= Death of Yu Qiyi =

Yu Qiyi (於其一 (Yū Qíyī)), who was a Chinese Communist Party member and the chief engineer of Wenzhou Industry Investment Group, died on 9 April 2013, during a shuanggui interrogation that involved torture. Shuanggui is an internal Communist Party disciplinary procedure where officials are asked—or coerced—to confess to alleged wrongdoings.

The coroner reported that Yu Qiyi had drowned, but the cause of his drowning was originally unclear: Wenzhou officials said it was an accident, but photos released by the family showed welts all over his body. He was also in custody the entire time, and they thought it would have been unlikely that he had accidentally drowned. Yu's wife, Wu Qian, alleged that there were many internal and external injuries on his body, and that he must have been tortured, perhaps leading to his death.

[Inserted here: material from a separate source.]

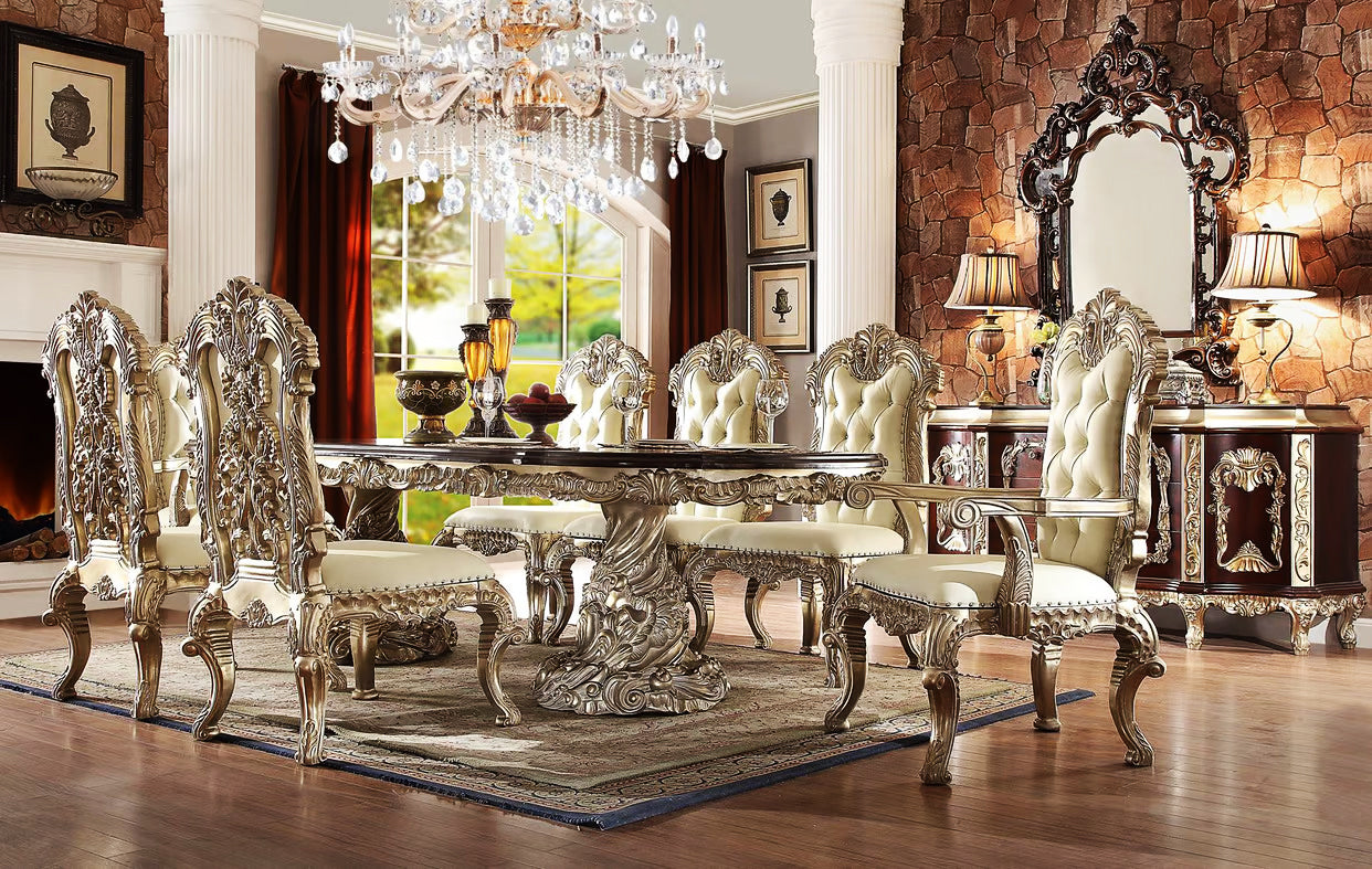 Indulge in the allure of vintage-inspired design with the Carved Dining Set with Upholstered Chairs. Let the clarity of the design, the precision of the carvings, and the silver-tone finish transport you to a world of timeless beauty and refinement.

"Yu Qiyi was a strong man before the shuanggui process, but he was thin by the time he died," Wu Qian told the Beijing Times.

The Zhejiang Provincial Public Security Bureau assigned the case to Quzhou security officials, rather than to those from Wenzhou, to investigate the case. The final report said that six investigators from the Communist Party's Disciplinary Committee in Wenzhou were involved.

The six men were jailed, in a rare public prosecution for such cases. The men claimed they were acting on "orders from above" and complained that they had been made scapegoats for the Party's own established procedures. Eventually they were sentenced to between 4 and 14 years in prison.